Strabismus eyes

The difference between true strabismus and pseudo-strabismus in children

What Is Pseudostrabismus in Children?

Pseudostrabismus in children is a condition in which a child’s eyes appear misaligned or turned to one side, while in reality the eyes are medically normal and properly aligned.

This misleading appearance is most often due to the shape of the facial bones in infants and young children, or the presence of an inner eyelid fold (epicanthal fold), or a broad, flat nasal bridge. These features can cover part of the white of the eye (sclera), making it look as though one or both eyes are deviating.

In pseudostrabismus, the child’s vision, eye function, and brain function are not affected, and no treatment is usually required. However, it is important that the child be examined by a pediatric ophthalmologist to rule out true strabismus or any underlying visual problems.
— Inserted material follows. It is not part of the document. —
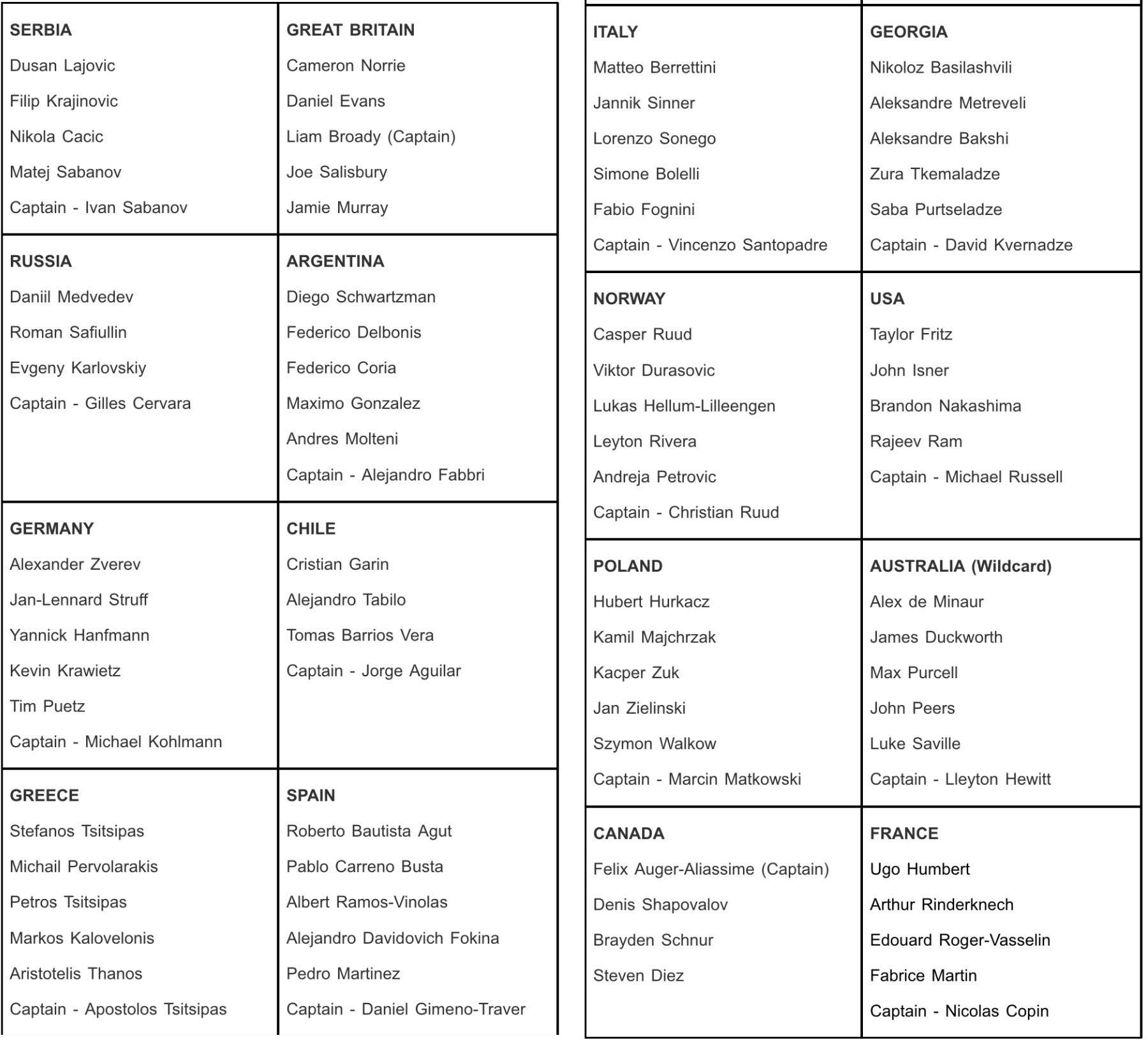 L’avversaria più insidiosa per gli azzurri verrà sicuramente dal Gruppo C, il più tosto, che comprende la Germania di Alexander Zverev e Struff (con un doppio molto solido), il Canada di Auger-Aliassime e Shapovalov (in dubbio dopo la positività al Covid), la Gran Bretagna con Norrie e Evans (e un signor doppio) e gli Stati Uniti con Taylor Fritz, John Isner, Brandon Nakashima e il doppista Ram. Molto meno “pericolosi” sembrerebbero i team che potrebbero emergere dal Gruppo A dove è favorita la Spagna con Carreno Busta e Bautista Agut, su Serbia (senza Nole), Norvegia (Ruud non ha compagni di livello) e Cile. Lo stesso dicasi per il Gruppo D, presidiato dalla Grecia di Tsitsipas (anche lui solo) che deve vedersela con l’Argentina di Schwartzman, la Polonia di Hurkacz e la Georgia di Basilashvili.

Understanding the difference between pseudostrabismus and true strabismus in children helps parents feel reassured and enables them to act early if the doctor identifies any issue that requires monitoring or optical correction.

What’s the difference between true strabismus and pseudostrabismus in children?
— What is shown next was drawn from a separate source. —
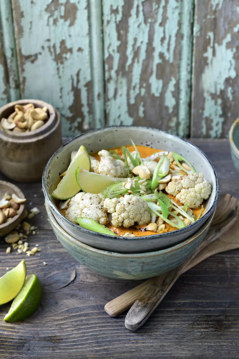 Bloemkoolcurry met romige kokosroom en pittige rode currypasta, afgewerkt met knapperige cashewnoten en een fris partje limoen. De bloemkool wordt eerst geroosterd in de oven en vervolgens kort gesudderd in de kokos currysaus waardoor de smaken mooi intrekken. Een snelle vegetarische doordeweekse maaltijd die comfort brengt bij lente en zomeravonden.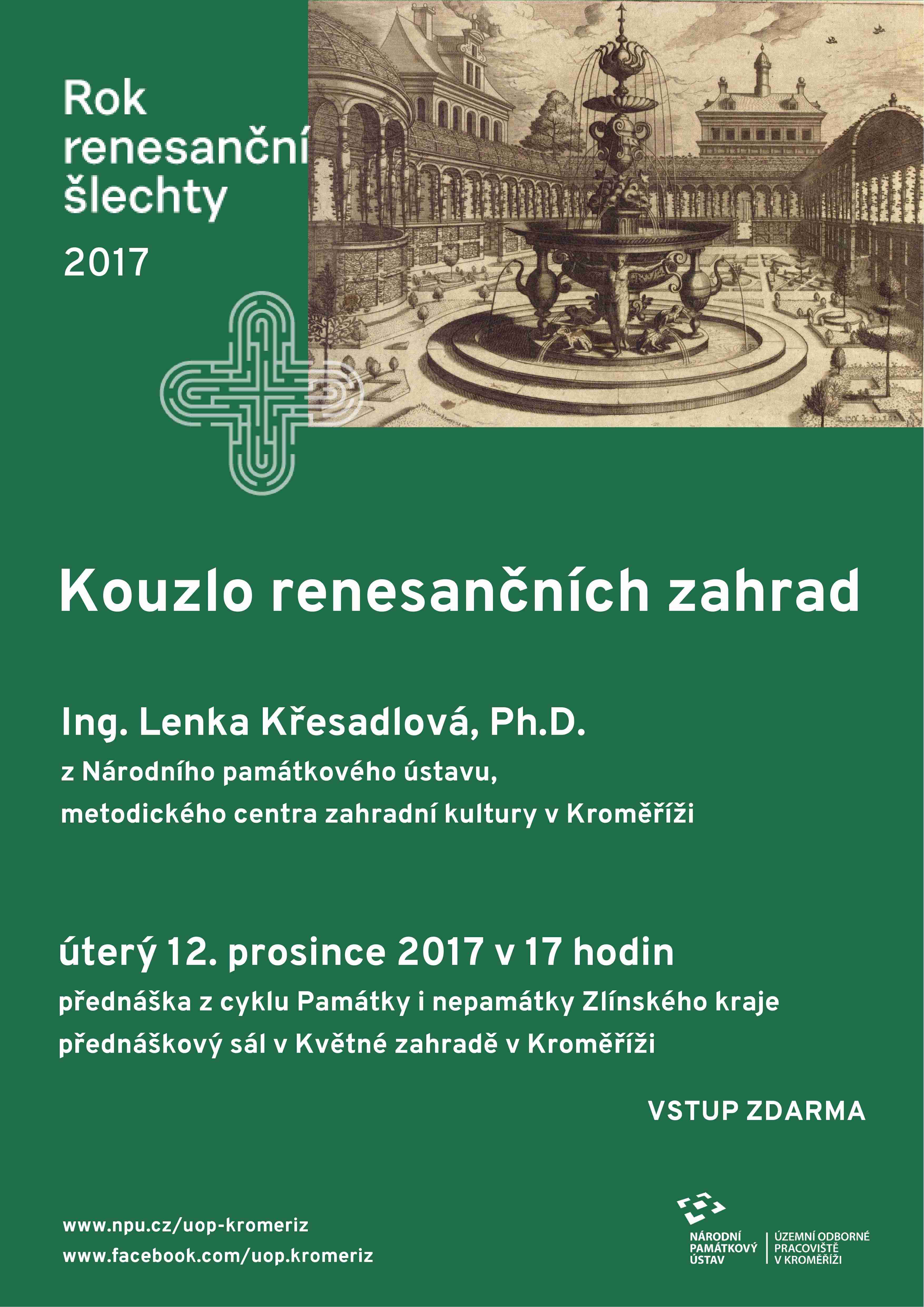 Kroměřížské odborné pracoviště Národního památkového ústavu pravidelně pořádá pro veřejnost přednáškový cyklus. V letošním roce půjde o přednášku s názvem Kouzlo renesančních zahrad. Ta se uskuteční v úterý 12. prosince v 17 hodin v přednáškovém sále Květné zahrady v Kroměříži.

Characteristics of True Strabismus

True strabismus in children is a genuine misalignment of one or both eyes, so that the two eyes are not directed at the same point at the same time.
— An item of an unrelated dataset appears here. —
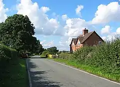 The parish contains one building designated by English Heritage as a listed building. This is Blakenhall Farmhouse, which is listed at Grade II.[30] Grade II is the lowest of the three gradings given to listed buildings and is granted to "buildings of national importance and special interest".[31] The farmhouse dates from the 17th century, and is constructed in brick with a tiled roof. It is in two storeys, and has a three-bay entrance front with three gabled dormers. Inside the farmhouse is an inglenook with a bressumer.[30] A red-brick former Wesleyan Methodist chapel in Blakenhall village dates from 1900.[2]

A key feature of true strabismus is that it is clearly visible in photographs and on clinical examination, and it is usually constant or frequently recurrent, rather than appearing only in certain gaze positions.

Unlike pseudostrabismus, true strabismus in children can lead to reduced vision in one eye, a condition known as amblyopia (lazy eye), if not treated early. Parents may also notice that the child tends to close one eye when trying to focus or when exposed to bright light.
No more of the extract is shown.